Humanities 3302: Faith and Reason
COURSES
TOPIC: The Making of European Thought and Culture
Instructor: Elisabeth Sommer
This course is designed to give you an overview of the Humanities as they shaped and were shaped by developments in Western Europe from the Middle Ages through the Reformation (c. 600-1600). To accomplish this somewhat monumental task, we will focus on “spotlight” readings in literature, philosophy, and religion, as well as exploring art and music as it relates to the course themes.
TOPIC: Medieval and Renaissance Thought
Instructor: Dr. Gary kieffner
HUMN 3302 surveys the art, philosophy, and history that inform the social, political and religious institutions of World Culture from the centuries prior to the Common Era to approximately 1600 CE. The survey examines the arts of the era, relating them to political and social-historical contexts.
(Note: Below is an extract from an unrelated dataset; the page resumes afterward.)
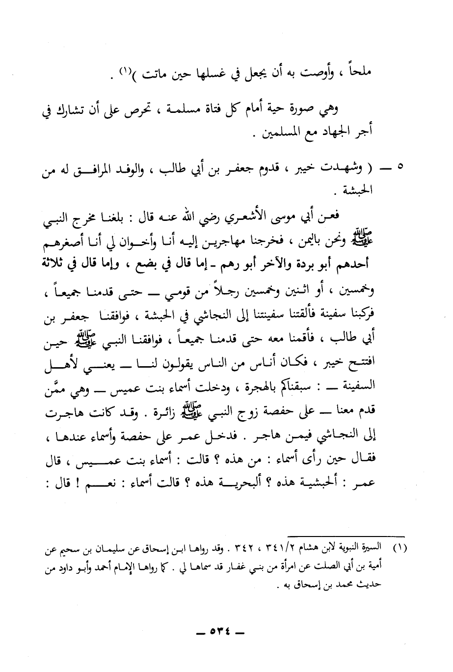 فعن أبي موسى الأشعري رضي الله عنه قال: بلغنا مخرج النبي (ص) ونحن باليمن، فخرجنا مهاجرين إليه أنا وأخوان لي أنا أصغرهم أحدهم أبو بردة والآخر أبو رهم - إما قال في بضع، وإما قال في ثلاثة وخمسين، أو اثنين وخمسين رجلا من قومي - حتى قدمنا جميعا، فركبنا سفينة فألقتنا سفينتنا إلى النجاشي في الحبشة، فوافقنا جعفر بن أبي طالب، فأقمنا معه حتى قدمنا جميعا، فوافقنا النبي (ص) حين افتتح خيبر، فكان أناس من الناس يقولون لنا - يعني لأهل السفينة -: سبقناكم بالهجرة، ودخلت أسماء بنت عميس - وهي ممن قدم معنا - على حفصة زوج النبي (ص) زائرة. وقد كانت هاجرت إلى النجاشي فيمن هاجر. فدخل عمر على حفصة وأسماء عندها، فقال حين رأى أسماء: من هذه؟ قالت: أسماء بنت عميس، قال عمر: ألحبشية هذه؟ ألبحرية هذه؟ قالت أسماء: نعم! قال:

“World culture” is a broad label referring to vast and diverse historical periods, geographies, human societies, language groups, political and economic systems. This section of Humanities 3302 aids in the development of an understanding of ancient, Medieval European and early Renaissance religious belief, philosophy, literature, architecture, music and arts that have shaped contemporary European history and today’s World Culture. While drawing such regional and global interconnections, our foci shall particularly include: creation of the New Testament canon and western Christianity, intellectual tension between faith and reason in the medieval and Renaissance eras, persistence and transformation of the myth of “Rome,” development of Islamic culture in Iberia, the crusading impulse, the medieval aesthetic in art and architecture in relation to medieval philosophy, technology and world views, civic humanism and transitions from medieval to Renaissance mentalities, Renaissance arts, social constructs and anomalies, the ideals of chivalry and western romantic courtship, protestant reformation, and the results of experiences in the Americas for both Europe and the western hemisphere. We shall engage in discussion and application of key topics as we develop a more complete understanding of World Culture.